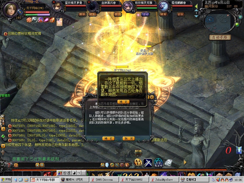 任务介绍四:副本任务,满百级玩家可进入副本“幽灵裂谷”。所有小怪爆2700魔石卡,19,25星XO,升
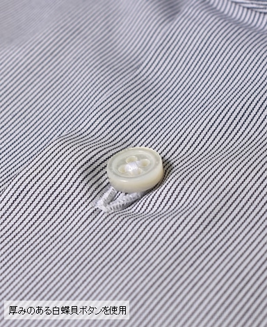 ■第一ボタンには、シャープな襟に合う小さめの9mmボタンを使用。
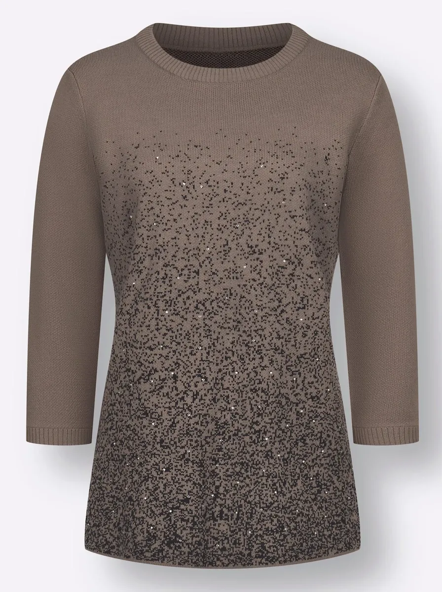 Гармоничный цветовой градиент с мелкими блестящими камнями привлекает внимание к этому свитеру. Изящный жаккардовый трикотаж с круглым вырезом. Модные рукава 3/4 с ребристыми манжетами. 100% полиакрил. Машинная стирка.
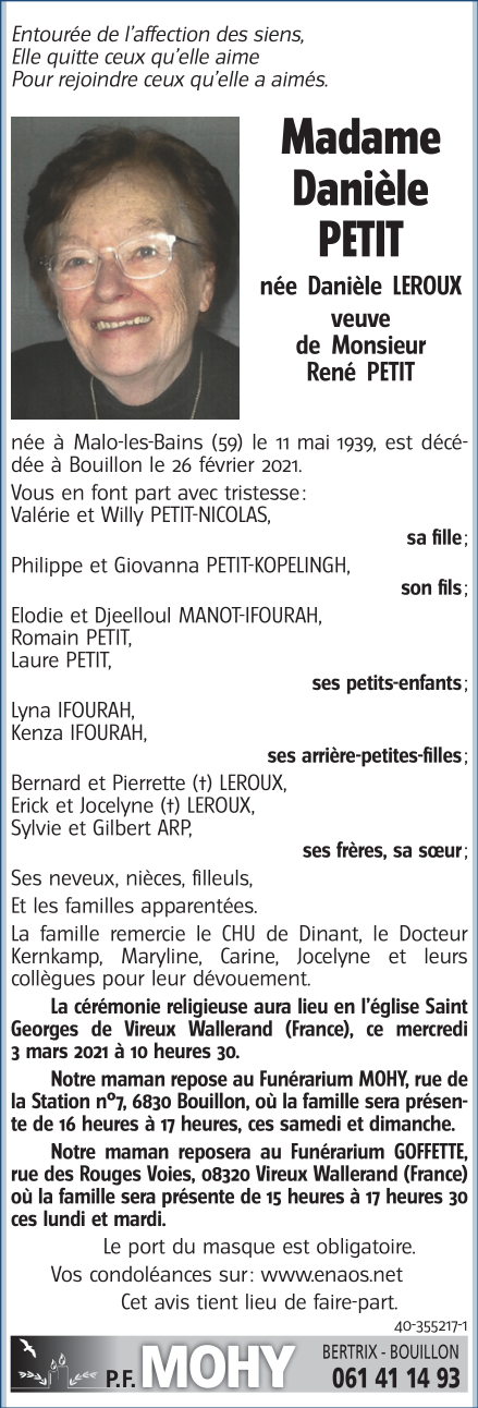 Décédée à Bouillon (6830) le vendredi 26 février 2021 à l'âge de 81 ans
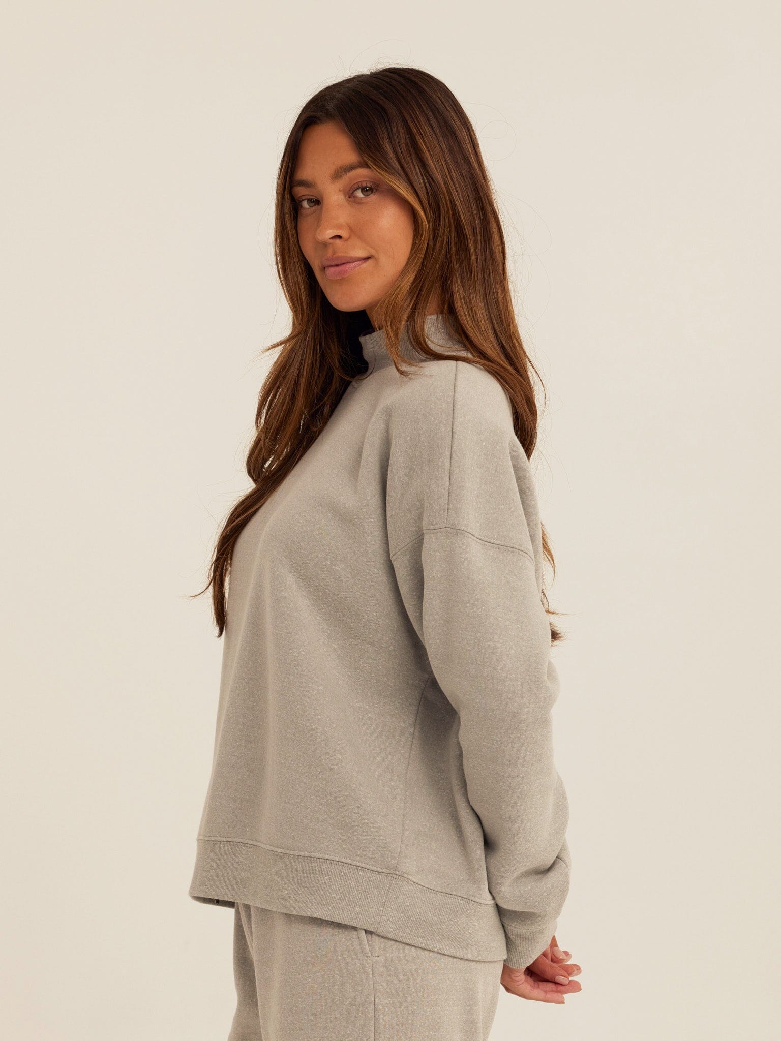 An easy layer that delivers warmth without the weight. The Karlie Mock Neck Pullover is made from our best-selling Triblend Fleece for a soft, lived-in feel that’s comfortable all day long. Designed with a relaxed fit and subtle mock neck, it adds a polished touch to your everyday routine—perfect for mornings on the go, casual plans, or slow weekends. Finished with ribbed trim for structure and ease, this is the kind of throw-on piece you’ll reach for again and again.
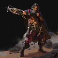 moody atmosphere, which is consistent with the game's aesthetic. The character is wearing armor, a cape, and has a bow and quiver slung over his shoulder.
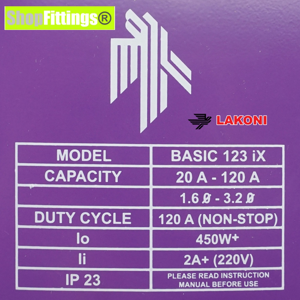 LAKONI Basic 123 ix Mesin Trafo Travo Las Listrik Portable Welding 450 watt 120 Amp
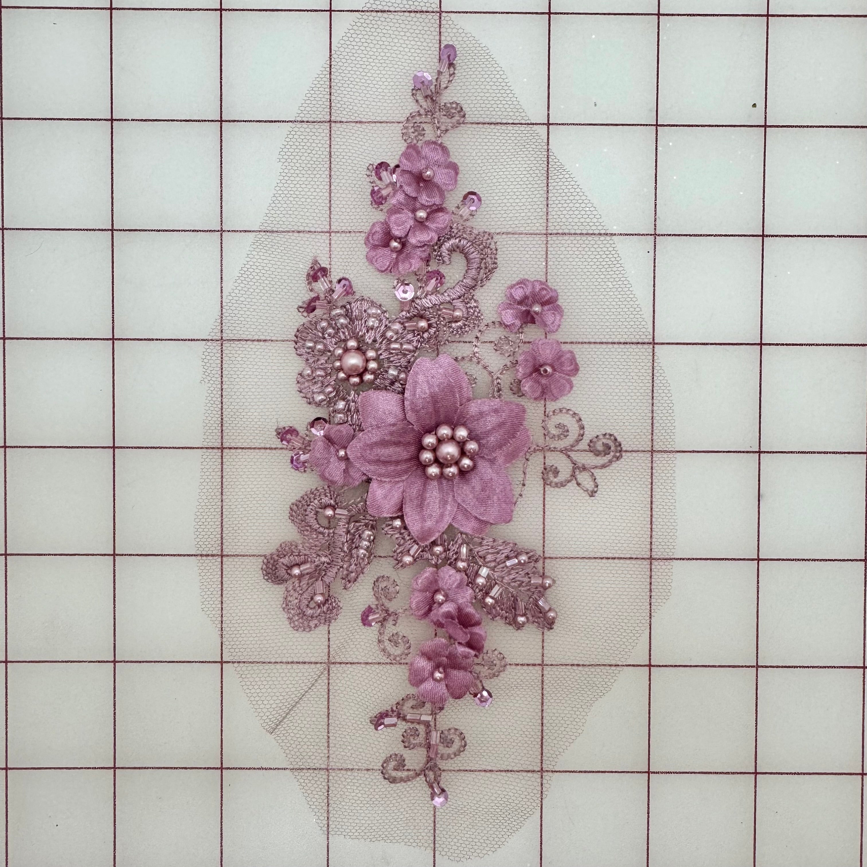 Priced per piece. Dusty Mauve, 3D flower, beaded, embroidered lace appliques.
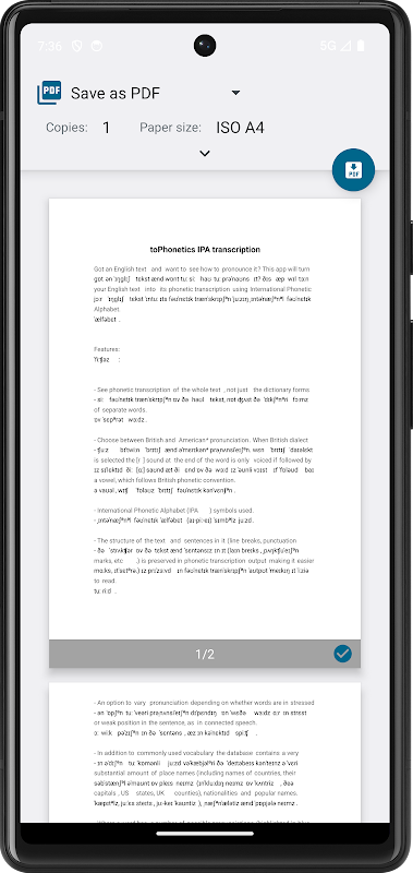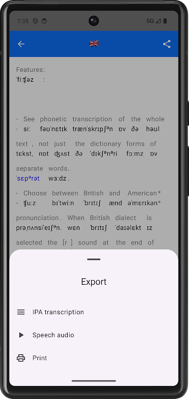 – Drucken Sie Ihre Transkriptionsergebnisse (oder exportieren Sie sie als PDF), entweder nur in IPA oder zusammen mit dem Original.
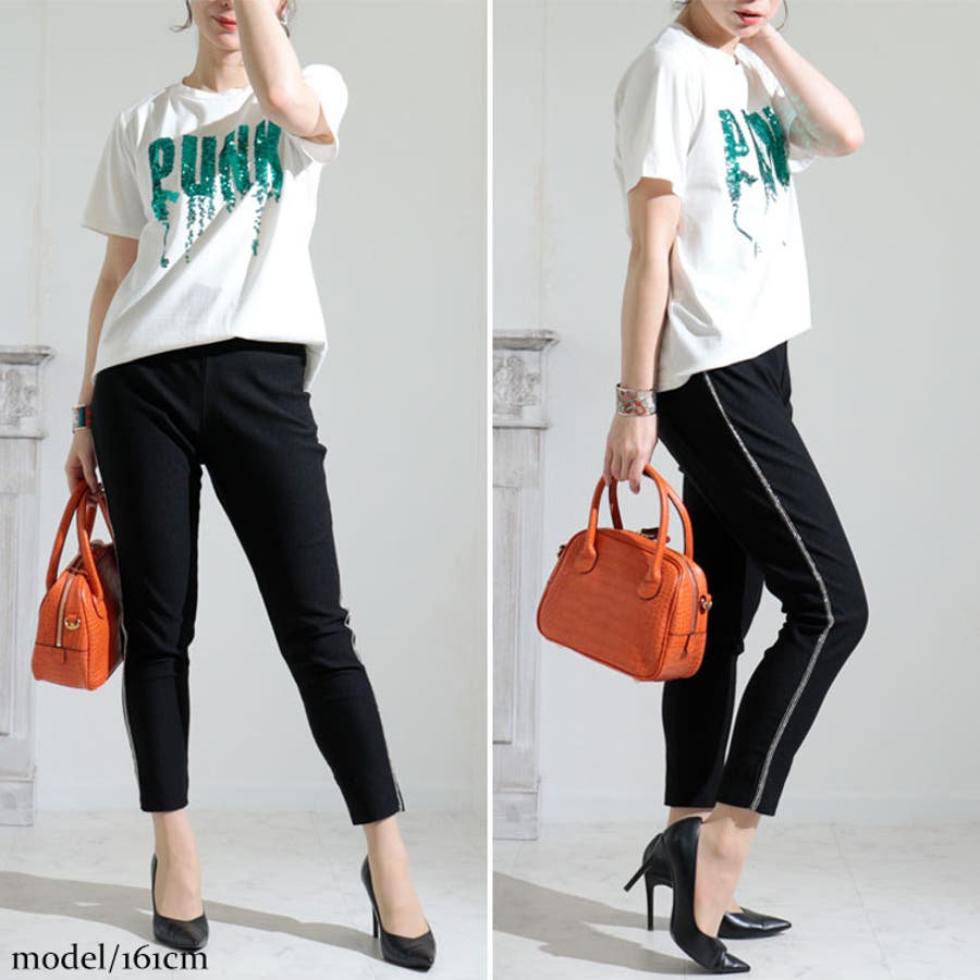 着回し抜群なハイパーストレッチビジューラインスキニーパンツです。
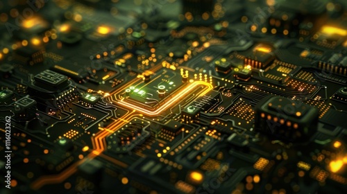 © Tina, Obraz premium A close-up view of a circuit board with glowing components and intricate pathways.
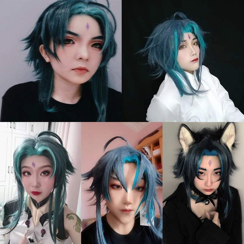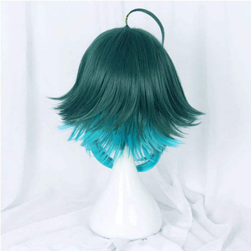 Игра Genshin Impact Xiao косплей парик смешанный темно-зеленый синий короткий высокотемпературный провод волос Хэллоуин ролевые игры парики + парик
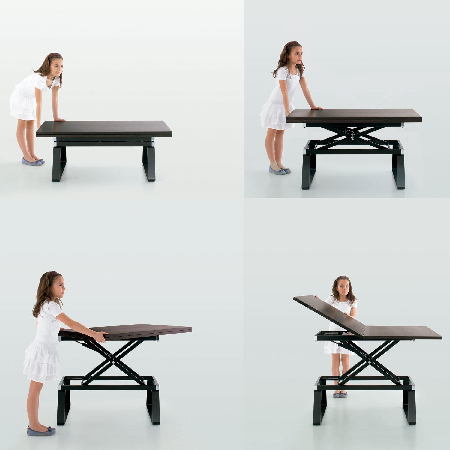 Si te gusta cenar delante de la tele mientras está sentado cómodamente en el sofá, entonces no puedes evitar comprar una mesa elevable. Pero, ¿en qué consisten estos diseños? Se trata de mesas de centro cuyo sobre asciende hasta una posición que nos va a resultar cómoda para hacer diversas tareas como comer o escribir. En la imagen podéis ver el modelo Regolo.

### YOUR OBJECTIVE
Set down all of the material above exactly as written, leaving the pictures out.

### EXERCISE RESULT
 任务介绍四:副本任务,满百级玩家可进入副本“幽灵裂谷”。所有小怪爆2700魔石卡,19,25星XO,升
 ■第一ボタンには、シャープな襟に合う小さめの9mmボタンを使用。
 Гармоничный цветовой градиент с мелкими блестящими камнями привлекает внимание к этому свитеру. Изящный жаккардовый трикотаж с круглым вырезом. Модные рукава 3/4 с ребристыми манжетами. 100% полиакрил. Машинная стирка.
 Décédée à Bouillon (6830) le vendredi 26 février 2021 à l'âge de 81 ans
 An easy layer that delivers warmth without the weight. The Karlie Mock Neck Pullover is made from our best-selling Triblend Fleece for a soft, lived-in feel that’s comfortable all day long. Designed with a relaxed fit and subtle mock neck, it adds a polished touch to your everyday routine—perfect for mornings on the go, casual plans, or slow weekends. Finished with ribbed trim for structure and ease, this is the kind of throw-on piece you’ll reach for again and again.
 moody atmosphere, which is consistent with the game's aesthetic. The character is wearing armor, a cape, and has a bow and quiver slung over his shoulder.
 LAKONI Basic 123 ix Mesin Trafo Travo Las Listrik Portable Welding 450 watt 120 Amp
 Priced per piece. Dusty Mauve, 3D flower, beaded, embroidered lace appliques.
 – Drucken Sie Ihre Transkriptionsergebnisse (oder exportieren Sie sie als PDF), entweder nur in IPA oder zusammen mit dem Original.
 着回し抜群なハイパーストレッチビジューラインスキニーパンツです。
 © Tina, Obraz premium A close-up view of a circuit board with glowing components and intricate pathways.
 Игра Genshin Impact Xiao косплей парик смешанный темно-зеленый синий короткий высокотемпературный провод волос Хэллоуин ролевые игры парики + парик
 Si te gusta cenar delante de la tele mientras está sentado cómodamente en el sofá, entonces no puedes evitar comprar una mesa elevable. Pero, ¿en qué consisten estos diseños? Se trata de mesas de centro cuyo sobre asciende hasta una posición que nos va a resultar cómoda para hacer diversas tareas como comer o escribir. En la imagen podéis ver el modelo Regolo.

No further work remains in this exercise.